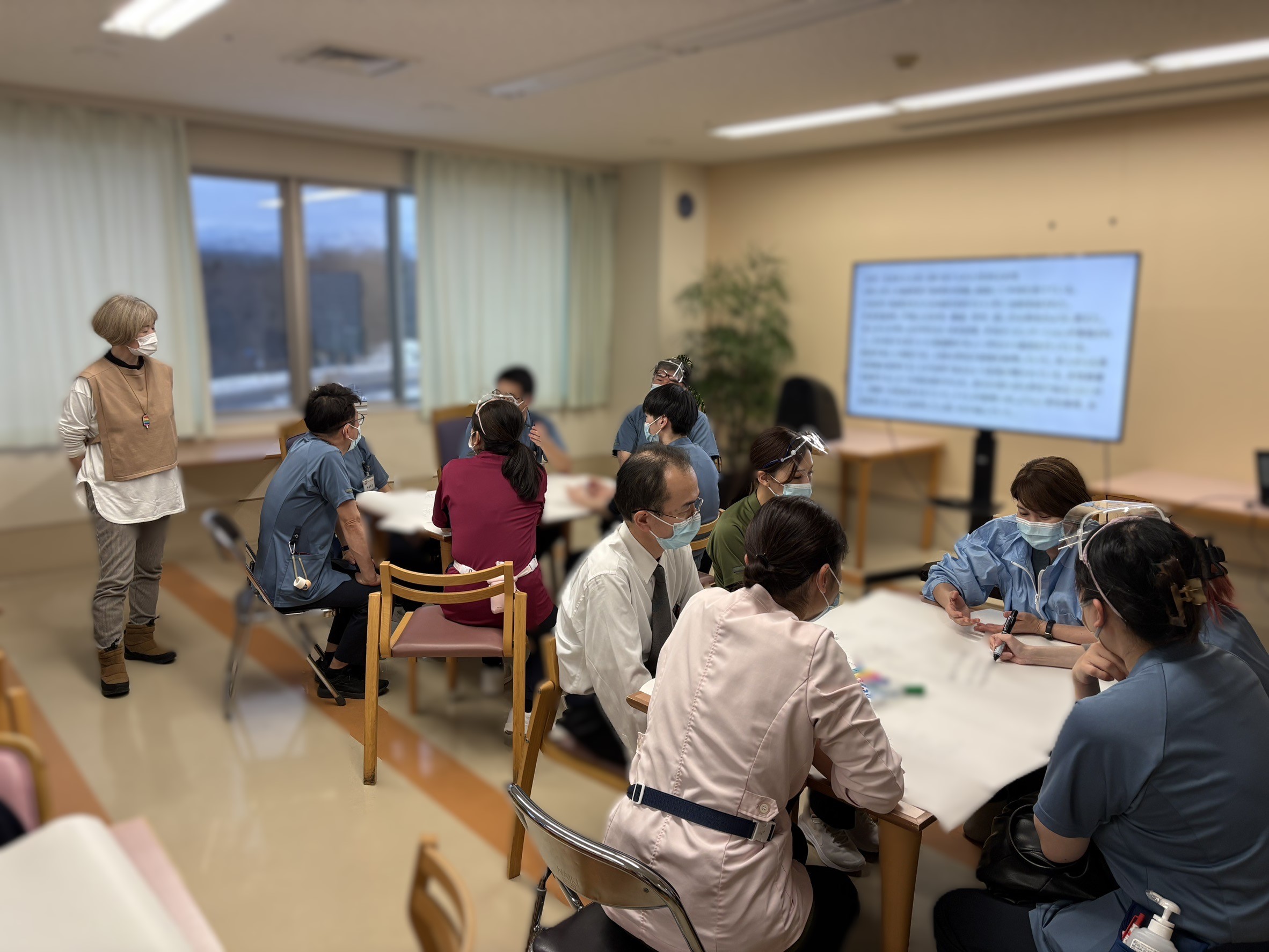 看護師をはじめとする多職種が参加し、声かけや配慮のあり方、環境面で工夫できることなど、「明日からできることは何か」についてそれぞれの立場から意見を出し合いました。
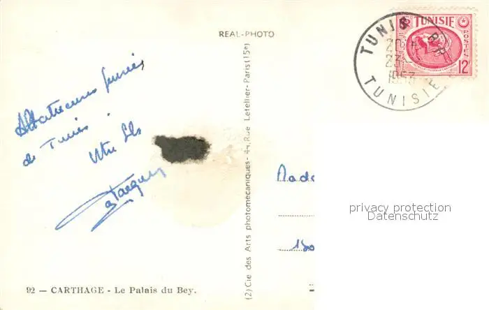 Carthage_Karthago Le Palais du Bey Carthage Karthago postalisch gelaufen 1957 Erhaltung siehe scans [WerneD78] WernPID7
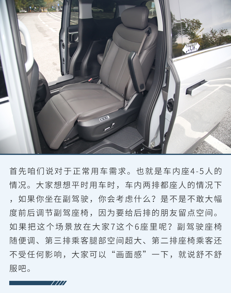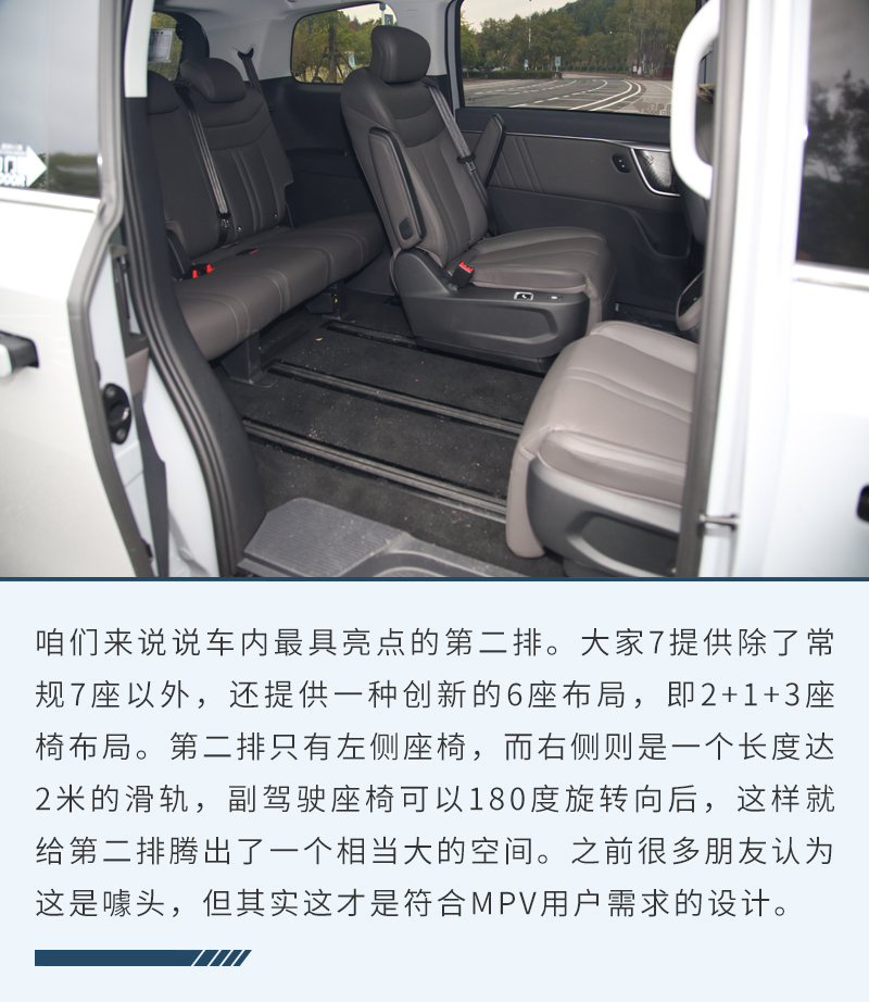 这次在试驾过程中,我也跟随车厂家小伙伴聊了半天。我问对于大家7,他们到底有没有信心。得到的答案是非常肯定的。给出的理由也确实很有说服力。首先对于大家7来讲,很多的用户都是家庭增购或者换购的,这些消费者已经有过MPV或提供三排座椅的产品使用经历,他们知道什么才是MPV用户最需要的,大家7的这些亮点,对于增换购用户绝对是非常实用也非常能打动他们的。而对于新用户来讲,大家7的每一个所谓亮点设计,都是真正基于用户使用需求而研发的,讲出去大家不会觉得虚无缥缈,没有诚意。厂家这句话,确实所言非虚。
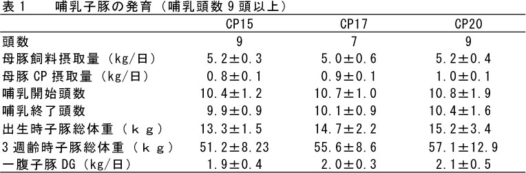 - 授乳期の母豚(大ヨークシャー、初産および2産)に、CP含量15%、17%、20%の飼料を給与した時の哺乳子豚の増体重は、有意な違いはなかったが、15%飼料に比較して17%または20%飼料給与で高くなる傾向にあった(表1)。
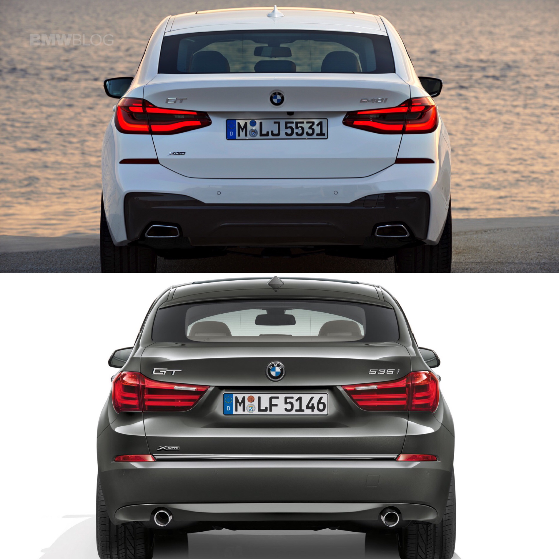 Okay, so from the front, the two cars are night and day. The new 6er GT wears a similar face to the new G30-gen BMW 5 Series, which is a good thing. That’s a handsome car so it’s a good one to copy. So this new 6 Series Gran Turismo has a nice face. It’s far improved over the 5 Series GT that pre-dated it.
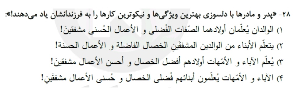 دلایل دیگری هم برای رد گزینه ها وجود دارد مثل مشفقینَ که در گزینه 4 با اعراب غلط آمده و در گزیته 2 به صورت صفت آمده و والدان در گزینه یک که ترجمه ناقصی برای پدر و مادرها است. اما این دلایل صرفا به عنوان فاکتور اطمینان شما هستند تا مطمئن شوید از درستی گزینه ی انتخابی و موضوع اصلی همان اسم تفضیل است.

··········

## [WHAT IS REQUIRED]
In the records above, everything from the line with "- 授乳期の母豚(大ヨークシ" down to the line with "Okay, so from" is to be set down exactly, both ends included, with no pictures and no other lines.

## [RESPONSE]
 - 授乳期の母豚(大ヨークシャー、初産および2産)に、CP含量15%、17%、20%の飼料を給与した時の哺乳子豚の増体重は、有意な違いはなかったが、15%飼料に比較して17%または20%飼料給与で高くなる傾向にあった(表1)。
 Okay, so from the front, the two cars are night and day. The new 6er GT wears a similar face to the new G30-gen BMW 5 Series, which is a good thing. That’s a handsome car so it’s a good one to copy. So this new 6 Series Gran Turismo has a nice face. It’s far improved over the 5 Series GT that pre-dated it.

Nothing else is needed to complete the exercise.